I think the hardest part about the adoption wait right now is not being able to look ahead and know what will be happening in your immediate future in 3 - 6 months from now. I book events and dates on my calendar at work and always wonder if I will be present at the event or meeting or will I be out on maternity leave. There is certainly no predicting when baby will come so you just move ahead and plan contingencies should you be out.
It is mostly wearing on me at present because I have a serious travel bug and would do anything to leave the country right now. (You aren't able to leave the U.S. until your adoption is finalized which is generally six months post-placement). I'm even reluctant to schedule travel within the U.S. not knowing what the future holds. I do have a trip scheduled in June to Houston. It felt really risky scheduling it months ago but as June swiftly approaches with no call from our agency I think we are certainly in the clear. I figured visiting my sister was the safest bet. Event if we did have baby, if I had the desire to travel with him/her we could always still complete the trip. We'd have a great place to bring baby and lots of help from the new aunt and uncle.

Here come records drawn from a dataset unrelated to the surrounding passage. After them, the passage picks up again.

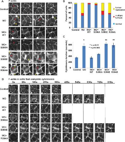 FIGURE 2:. Mgc MO, MO + MgcS386E, and MO + MgcR384A exhibit cytokinesis failure and significant delays in cytokinesis completion in vivo. (A) Frames from time-lapse movies during cytokinesis. Embryos were coinjected with the indicated MO and rescue constructs along with mChe-UtrCH (F-actin probe) and mChe-H2B. Red arrowheads point to the contractile ring during early cytokinesis; red arrows indicate cleavage furrow regression; yellow arrowheads point to F-actin–rich junctional accumulations. (B) Quantification of the outcome of cytokinesis showing the percentage of cells that complete cytokinesis normally, fail cytokinesis with cleavage furrow regression, or fail cytokinesis with formation of multiple cleavage furrows. Control (number of cells, embryos, and independent experiments, respectively [n] = 26, 9, 4), MO (n = 29, 8, 4), MO + WT (n = 20, 7, 4), MO + S386A (n = 53, 13, 5), MO + S386E (n = 48, 12, 5), and MO + R384A (n = 19, 3, 3). (C) Quantification of cytokinesis duration. Error bars represent SEM. The p values were calculated from pairwise comparison to MO + MgcWT. Control (n = 20, 7, 5), MO (n = 17, 8, 7), MO + WT (n = 17, 11, 7), MO + S386A (n = 22, 12, 5), MO+S386E (n = 20, 9, 4), and MO + R384A (n = 20, 9, 4). (D) Frames from time-lapse movies of cells expressing mChe-UtrCH (F-actin probe) that do manage to complete cytokinesis successfully show that the MO, MO + MgcS386E, and MO + MgcR384A cells display significantly longer cytokinesis duration than control or MO + MgcWT. Scale bars, 20 μm. |
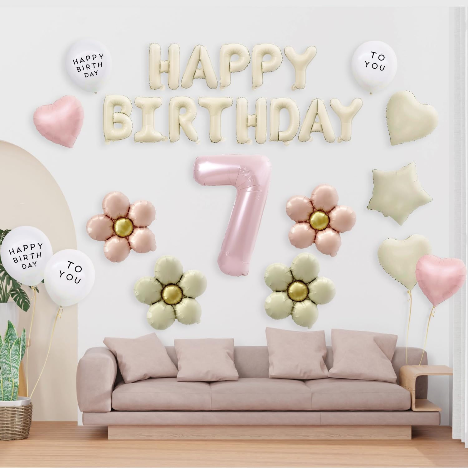 【風船屋】誕生日 飾り付け バルーン かわいい お花 子ども ハート フラワー ピンク 女の子 ほんわか おしゃれ サプライズ プレゼント 映え (7歳)
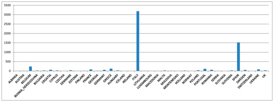 Since the 2000s, the European Union has sought to improve the level of risk management in the member states. However, the EU strategy is mainly focused on natural risk [42]. For example, in 2007, the European Commission defined the Floods Directive 2007/60/EC [43]. This Directive states that “Flood risk management plans should focus on prevention, protection and preparedness. … The elements of flood risk management plans should be periodically reviewed and if necessary updated, taking into account the likely impacts of climate change on the occurrence of floods”. The Directive therefore refers to climate change but not to the concept of resilience. In 2013, a specific EU Strategy on Adaptation to Climate Change was designed (Action 7: Making infrastructure more resilient, for creating a climate-resilient region and implementing local climate adaptation plans). “The overall aim of the EU Adaptation Strategy is to contribute to a more climate-resilient Europe. This means enhancing the preparedness and capacity to respond to the impacts of climate change at local, regional, national and EU levels, developing a coherent approach and improving coordination” [44]. In recent years many European cities have implemented adaptation or mitigation plans; in some cases, they have both. Indeed, European cities have responded positively to the Covenant of Mayors initiative and have taken steps to draw up and draft their own Action Plans to achieve the 2020 and 2030 goals. Many of these plans are available on the “Covenant of Mayors for Climate & Energy platform” opened by the European Union in 2011, with the aim of collecting the initiatives promoted by European cities to address the phenomenon of climate change. In Figure 1 and Figure 2 the Action Plans realized in the in the European cities are reported. The majority of these Action Plans were drawn up in two EU countries: Italy (3184) and Spain (1520) [45].
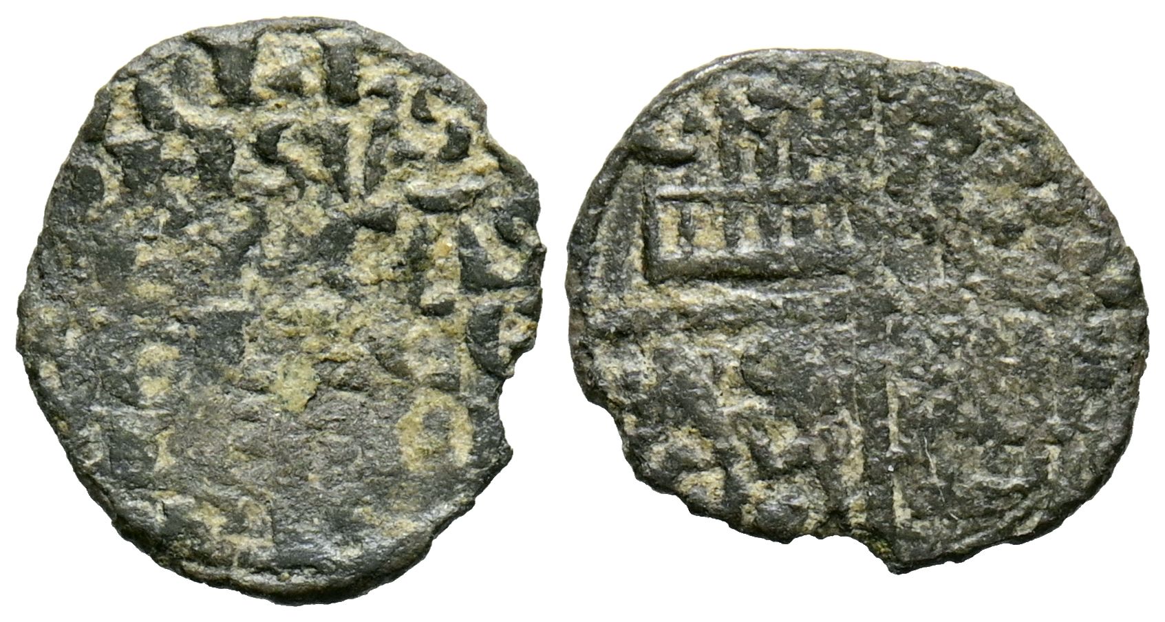 ALFONSO X (1252-1284). Meaja alfonsí "de la 1º guerra de Granada". (Ve. 0,34g/12mm). Sin ceca. (Imperatrix A10:5.1; FAB-247, como óbolo). Anv: Leyenda en seis líneas: ALF/ONSVS/REX CAS/TELLE E/T LEGIO/NIS. Rev: Cuartelado de castillos y leones. BC+.

Right now I feel like we are in a holding patter until we know more. We would really like to sell our place and move to a home but we're reluctant to do so until we get baby. I know that our perspective will change once bambino comes into our lives and I'd like to go house hunting when we can look at things through the eyes of a parent. I know that we should be enjoying this time of freedom and fun (says all of our parent friends) but we're ready to get out of the holding patter and forge ahead to this next stage of our lives.
I know once our bambino comes into our lives it will seem like this wait was nothing but right now we are approaching a year and the wait has seemed so long.